Jesus Handed Over to Pilate
27 When daybreak came, all the chief priests and the elders of the people plotted against Jesus to put him to death.
2 After tying him up, they led him away and handed him over to Pilate, [other mss read Pontius Pilate] the governor.
Judas Hangs Himself
3 Then Judas, his betrayer, seeing that Jesus had been condemned, was full of remorse and returned the thirty pieces of silver to the chief priests and elders.
4 “I have sinned by betraying innocent blood,” he said.
“What’s that to us?” they said. “See to it yourself!”
5 So he threw the silver into the temple and departed. Then he went and hanged himself.
6 The chief priests took the silver and said, “It’s not permitted to put it into the temple treasury, since it is blood money.”
7 They conferred together and bought the potter’s field with it as a burial place for foreigners.
8 Therefore that field has been called “Field of Blood” to this day.
9 Then what was spoken through the prophet Jeremiah was fulfilled: "They took [or I took] the thirty pieces of silver, the price of him whose price was set by the Israelites, 10 and they gave [some mss read I gave] them for the potter’s field, as the Lord directed me." [Jr 32:6–9; Zch 11:12–13]
Jeremiah 32:6-9 Jeremiah replied, “The word of the Lord came to me: Watch!

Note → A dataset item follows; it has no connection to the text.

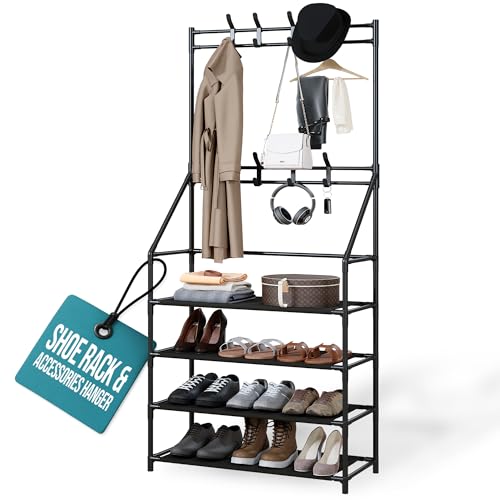 Klass Home Collection 4-Tier Shoe Rack & lightweight Coat Stand, Multipurpose Shoe Storage Organiser with 2 Hanging Rails & 8 Hooks, Hallway Organiser for Shoes & Accessories Storage Rack (Black)

Hanamel, the son of your uncle Shallum, is coming to you to say, ‘Buy my field in Anathoth for yourself, for you own the right of redemption to buy it.’
“Then, as the Lord had said, my cousin Hanamel came to the guard’s courtyard and urged me, ‘Please buy my field in Anathoth in the land of Benjamin, for you own the right of inheritance and redemption. Buy it for yourself.’ Then I knew that this was the word of the Lord. So I bought the field in Anathoth from my cousin Hanamel, and I weighed out the silver to him—seventeen shekels of silver."
Zechariah 11:12-13 Then I said to them, “If it seems right to you, give me my wages; but if not, keep them.” So they weighed my wages, thirty pieces of silver.
“Throw it to the potter,” the Lord said to me—this magnificent price I was valued by them. So I took the thirty pieces of silver and threw it into the house of the Lord, to the potter.
Commentary
(the following is from Matthew Henry's Concise Commentary -- www.christianity.com)
"Wicked men see little of the consequences of their crimes when they commit them, but they must answer for them all. In the fullest manner Judas acknowledged to the chief priests that he had sinned, and betrayed an innocent person. This was full testimony to the character of Christ; but the rulers were hardened. Casting down the money, Judas departed, and went and hanged himself, not being able to bear the terror of Divine wrath, and the anguish of despair. There is little doubt but that the death of Judas was before that of our blessed Lord. But was it nothing to them that they had thirsted after this blood, and hired Judas to betray it, and had condemned it to be shed unjustly? Thus do fools make a mock at sin. Thus many make light of Christ crucified. And it is a common instance of the deceitfulness of our hearts, to make light of our own sin by dwelling upon other people's sins. But the judgment of God is according to truth.
Many apply this passage of the buying the piece of ground, with the money Judas brought back, to signify the favour intended by the blood of Christ to strangers, and sinners of the Gentiles. It fulfilled a prophecy, Zechariah 11:12. Judas went far toward repentance, yet it was not to salvation. He confessed, but not to God; he did not go to him, and say, I have sinned, Father, against heaven. Let none be satisfied with such partial convictions as a man may have, and yet remain full of pride, enmity, and rebellion."